Note that if this process is something that will need to be done more often, you will need to consider further safety checks (like handling empty data, making sure the loop doesn't try to execute infinitely many times, etc).
Hi Pradeep,
If the dat is in database, create a scheduled process to write to database. Schedule the process in non business hours.
For further details Transferring/Processing Large Data Sets (ETL)
Thank you Dude for you reply.
i will read say 10 characters from each row and map it to particular column in cdt. Similarly i will read particular place characters using mid function for remaining columns and will map it to CDT.And then have to write the data to DB in batches without affecting performance.
For your purposes it might be best to batch rows of your raw TEXT and pass into a subprocess (for example) where the parsing occurs, row-by-row, just before the DB write occurs. In the parent process you would store a separate PV, integer type, to reflect for example which row will be the next starting point (so if you've parsed rows 1 - 10, your marker PV would store a value of "11" to indicate that the next loop will start at row 11).

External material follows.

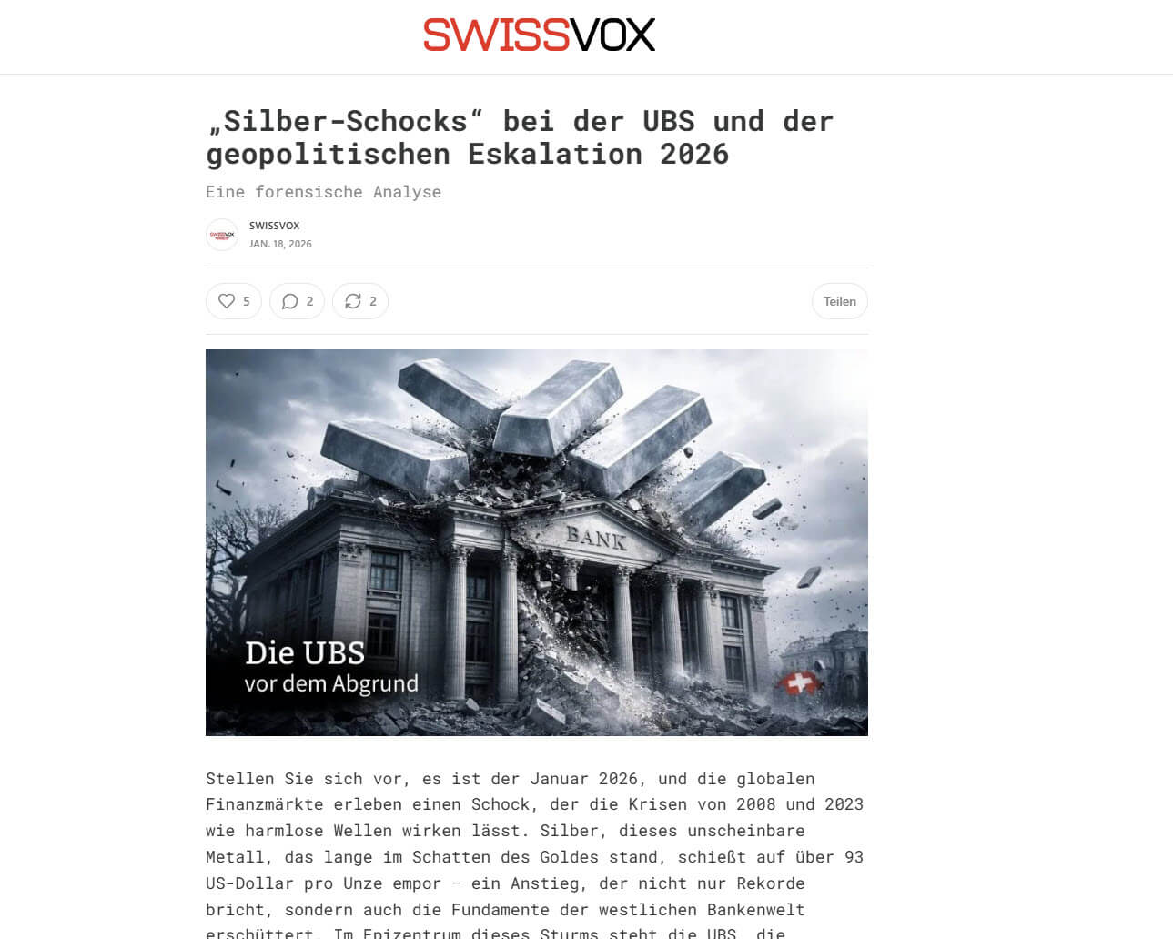 Die Veröffentlichung unseres Beitrags zur Lage der UBS und den Verwerfungen am Silbermarkt hat eine breite öffentliche Reaktion ausgelöst. Neben Zustimmung erreichten uns kritische Rückmeldungen von Journalisten, Ökonomen und Marktbeobachtern, die unsere Einschätzungen als überzogen oder nicht glaubwürdig einordneten.

As with most things, I suspect you write your parser in an Expression Rule and call this expression rule from a script task in your process model. This will allow you to paste in small chunks of your raw text format, run the rule many times and see that it returns the exact output you're wanting. I encourage you to look into the extract() function, as well as the utilities available within the Regex Functions plug-in, in case either of those would make parsing easier.